The VirulenceFinder application and the database has been build into a single image on docker hub named "genomicepidemiology/virulencefinder". Below is an example run, where the current working directory is bound to the container "/app" path which is the container working directory.
docker run -v "$(pwd):/app" genomicepidemiology/virulencefinder:3.0.0 -o test_out -d s.aureus_exoenzyme,s.aureus_hostimm,s.aureus_toxin -ifq tests/data/s_aureus/*.gz
You can run virulencefinder command line using python.
# Example of running virulencefinder
python -m src.virulencefinder.__main__ -ifa data/test_isolate_01.fa -o "."
options:
-h, --help show this help message and exit
-ifa INPUTFASTA, --inputfasta INPUTFASTA
Input fasta file.
-ifq INPUTFASTQ [INPUTFASTQ ...], --inputfastq INPUTFASTQ
[INPUTFASTQ ...]
Input fastq file(s). Assumed to be single-end fastq if only one file is provided, and assumed to be paired-end data if two files are provided.
--nanopore If nanopore data is used
-p DB_PATH, --db_path DB_PATH
Path to the database
-d DATABASES, --databases DATABASES
Databases to search in. You can type all or None to choose all databases
-o OUTPUTPATH, --outputPath OUTPUTPATH
Output directory. If it doesnt exist, it will be created.

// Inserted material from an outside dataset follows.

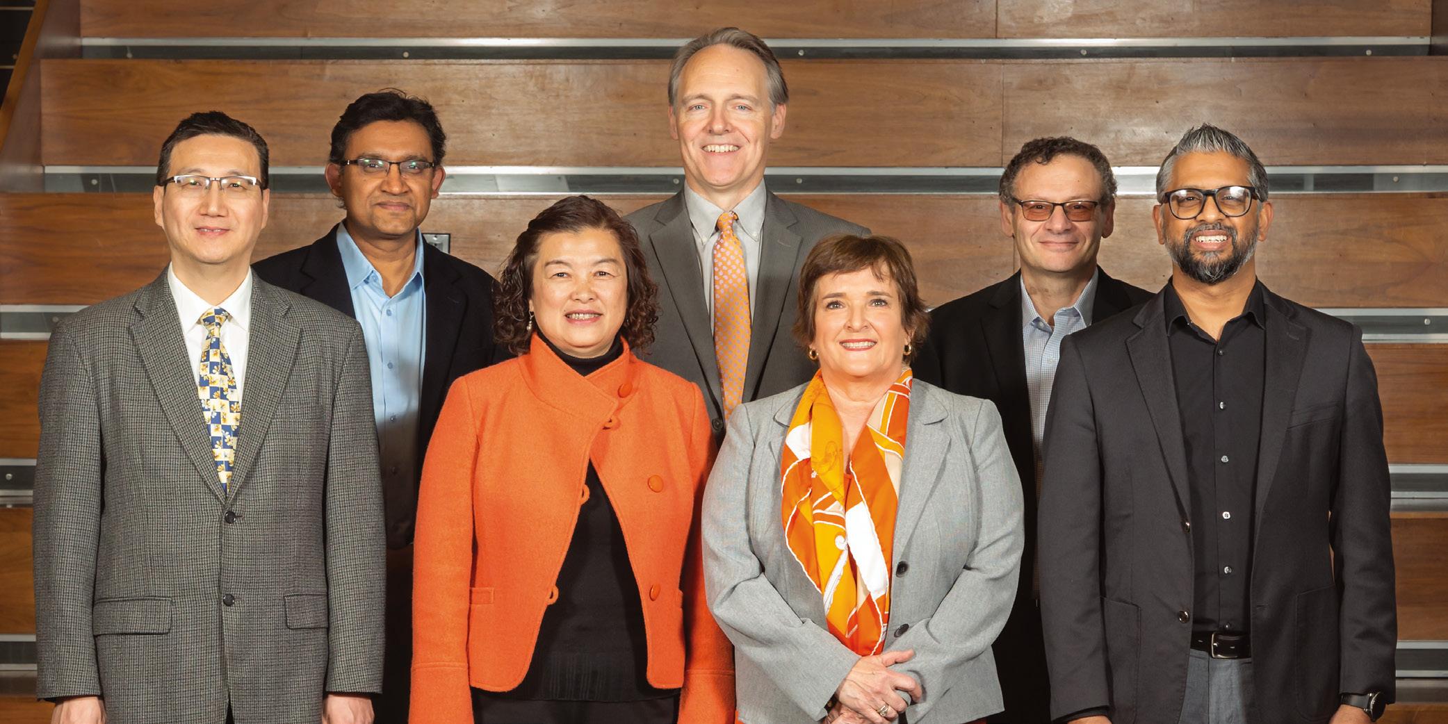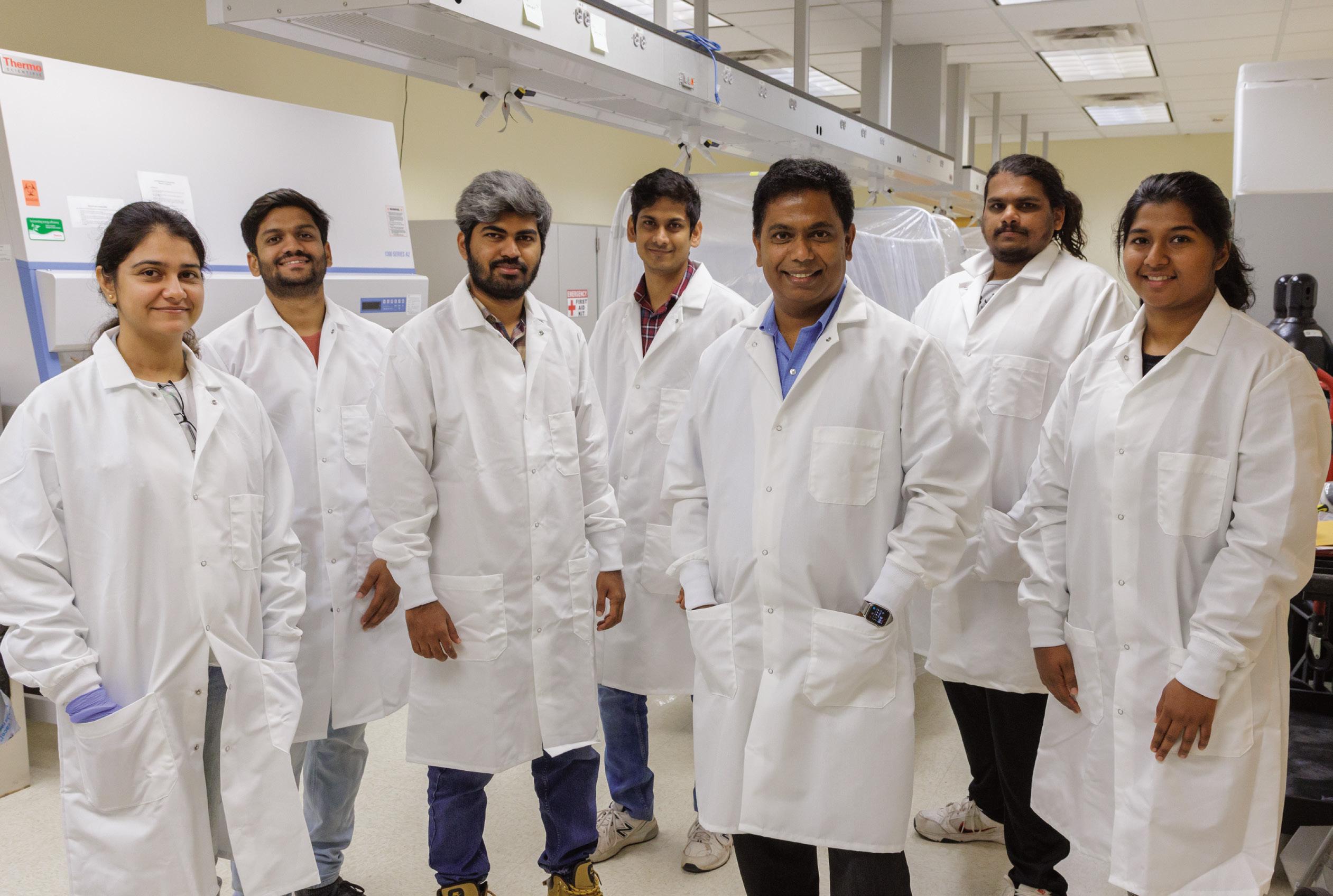 From left: Dr. Guoliang Fan, Dr. Akhilesh Ramachandran, Dr. Ning Wang, Dr. Thomas Lanners, Dr. Betty Simkins, Dr. Mostafa Elshahed and Dr. Tilanka Chandrasekera.

-j OUT_JSON, --out_json OUT_JSON
Specify JSON filename and output directory.
If the directory doesnt exist, it will be created.
-b BLASTPATH, --blastPath BLASTPATH
Path to blastn
-k KMAPATH, --kmaPath KMAPATH
Path to KMA
--speciesinfor_json SPECIES
Argument used by the cge pipeline. It takes a list"
" in json format consisting of taxonomy, from "
"domain -> species. A database is chosen based on "
"the taxonomy.
-l MIN_COV, --min_cov MIN_COV
Minimum (breadth-of) coverage of ResFinder within the range 0-1.
-t THRESHOLD, --threshold THRESHOLD
Threshold for identity of ResFinder within the range 0-1.
-v, --version Show programs version number and exit
--pickle Create a pickle dump of the Isolate object. Currently needed in the CGE webserver. Dependency and this option is being removed.
Environment variables recognized by VirulenceFinder, the flag they replace and the default value for the flag. Provided commandline flags will always take precedence. Set environment variables takes precedence over default flag values.
Additional Environment variables can be added by appending entries to the file named "environment_variables.md".
Environment Variabel | Flag | Default Value |
---|---|---|
CGE_BLASTN | blastPath | blastn |
CGE_VIRULENCEFINDER_DB | db_path | databases |
CGE_VIRFINDER_GENE_COV | min_cov | 0.60 |
CGE_VIRFINDER_POINT_ID | threshold | 0.90 |
CGE_VIRFINDER_JSON | speciesinfo_json | None |
A webserver implementing the methods is available at the CGE website and can be found here: https://cge.food.dtu.dk/services/VirulenceFinder/
When using the method please cite:
Real-time whole-genome sequencing for routine typing, surveillance, and outbreak detection of verotoxigenic Escherichia coli. Joensen KG, Scheutz F, Lund O, Hasman H, Kaas RS, Nielsen EM, Aarestrup FM. J. Clin. Micobiol. 2014. 52(5): 1501-1510. [Epub ahead of print]
- Camacho C, Coulouris G, Avagyan V, Ma N, Papadopoulos J, Bealer K, Madden TL. BLAST+: architecture and applications. BMC Bioinformatics 2009; 10:421.
- Clausen PTLC, Aarestrup FM, Lund O. Rapid and precise alignment of raw reads against redundant databases with KMA. BMC Bioinformatics 2018; 19:307.
Copyright (c) 2014, Ole Lund, Technical University of Denmark All rights reserved.
Licensed under the Apache License, Version 2.0 (the "License"); you may not use this file except in compliance with the License. You may obtain a copy of the License at
http://www.apache.org/licenses/LICENSE-2.0
Unless required by applicable law or agreed to in writing, software distributed under the License is distributed on an "AS IS" BASIS, WITHOUT WARRANTIES OR CONDITIONS OF ANY KIND, either express or implied. See the License for the specific language governing permissions and limitations under the License.